The arrival of GLP-1 weight loss pills from Novo Nordisk and Eli Lilly may paradoxically accelerate employer insurance coverage cuts rather than expand patient access.
Novo Nordisk introduced its Wegovy tablet for weight loss in January, and Eli Lilly's Foundayo pill began shipping in April. While industry observers hoped oral versions would carry lower price tags, they cost employers roughly the same as injectables — a net price of $569 to $664 per employee monthly after discounts, according to the Institute for Clinical and Economic Review.
"The net prices of these drugs have come down, and I think there will continue to be pressure on them to come down, especially as other manufacturers' drugs get approved," said Jeff Levin-Scherz, population health leader at WTW. "That will hopefully continue to lower prices."
A Business Group on Health survey found 87% of large employers expect the availability of oral medications to increase demand for GLP-1s, while only 9% predict a price drop. In NFP's annual employer survey, 51% of companies cited GLP-1s as the top driver of rising prescription drug costs. "Employers say the rise in pharmacy costs is unsustainable," said Nick Conway, president of Rx Solutions at NFP.
The cost crunch is already reshaping coverage decisions. Among employers with 500 or more workers, 6% dropped GLP-1 weight-loss coverage in 2026, and 5% are planning to drop or actively considering doing so for 2027, according to Mercer. The Business Group on Health found that 10% of companies covering GLP-1s for weight management are unlikely to continue in 2027 for cost reasons, said Magda Rusinowski, vice president of the non-profit.
Some employers are tightening eligibility requirements. While many plans historically required a body mass index of 30 or higher — or 27 with a weight-related condition — some now demand a BMI of 35 or above to qualify, said Eileen Pincay, national pharmacy practice leader at Segal. Others are restricting coverage to diabetic patients only or imposing stricter behavioral management requirements.
Employers explore alternative access models
Some companies are bypassing traditional pharmacy benefits altogether. Employers can reimburse workers through health reimbursement arrangements or provide access through third-party weight management programs. Eli Lilly has relationships with more than 15 independent program administrators including 9amHealth, GoodRx and Goodpath to offer tailored obesity coverage. Novo Nordisk offers a similar employer program.

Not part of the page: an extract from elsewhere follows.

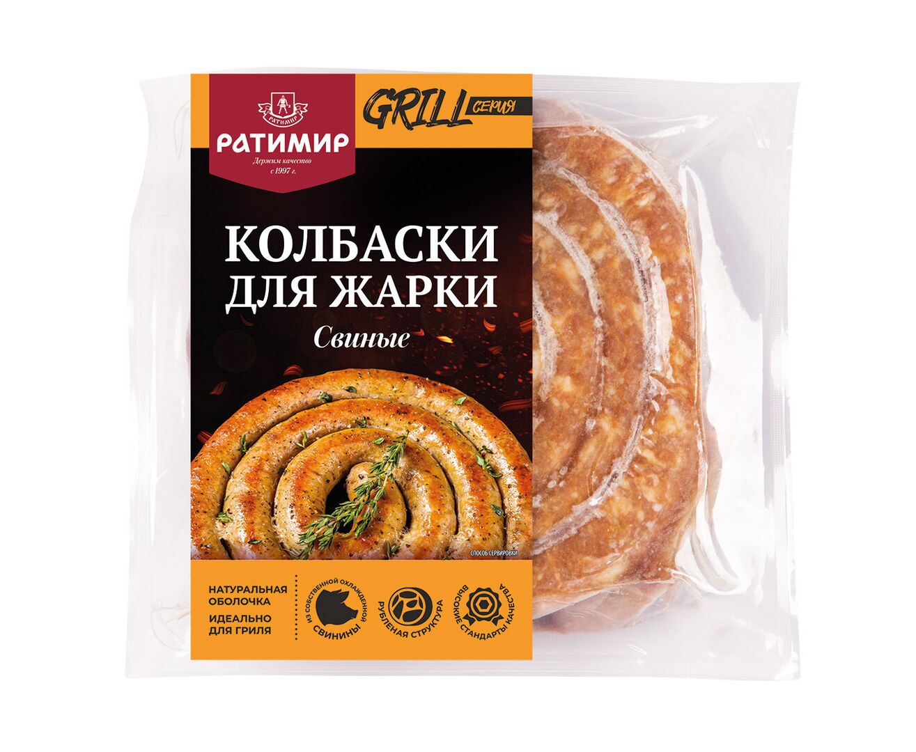 Описание товара "Колбаски для жарки из свинины улитка 1кг Ратимир"

Oral GLP-1 medications are available direct-to-consumers with cash prices starting at $149 per month for the lowest doses, compared with $199 to $299 for injectable starting doses. However, patients do not remain on initial doses, so actual per-month costs rise.
A major factor keeping prices elevated is that only two pharmaceutical companies — Novo Nordisk and Eli Lilly — currently produce these drugs. That is expected to change as competitors enter the market, though likely not for at least a year, said Ben Barner, clinical pharmacy leader at Brown & Brown.
On the public side, Medicare will launch a pilot program July 1 offering certain GLP-1 medications for obesity at a flat $50 monthly copay, the first time the program has covered weight-loss drugs. The pilot runs through Dec. 31, 2027.
For employers, the calculus remains difficult. They face high upfront costs for drugs that patients often discontinue within a year, negating long-term health benefits. "Employers are concerned about spending so much money without knowing employees are committed and able to reap the long-term health benefits," Barner said.
The coverage pullback signals a structural headwind for Novo Nordisk and Eli Lilly's revenue growth projections. Investors will watch the Medicare pilot's enrollment data and any competitor drug approvals in 2027 as the next catalysts for pricing and access dynamics.
This article is for informational purposes only and does not constitute investment advice.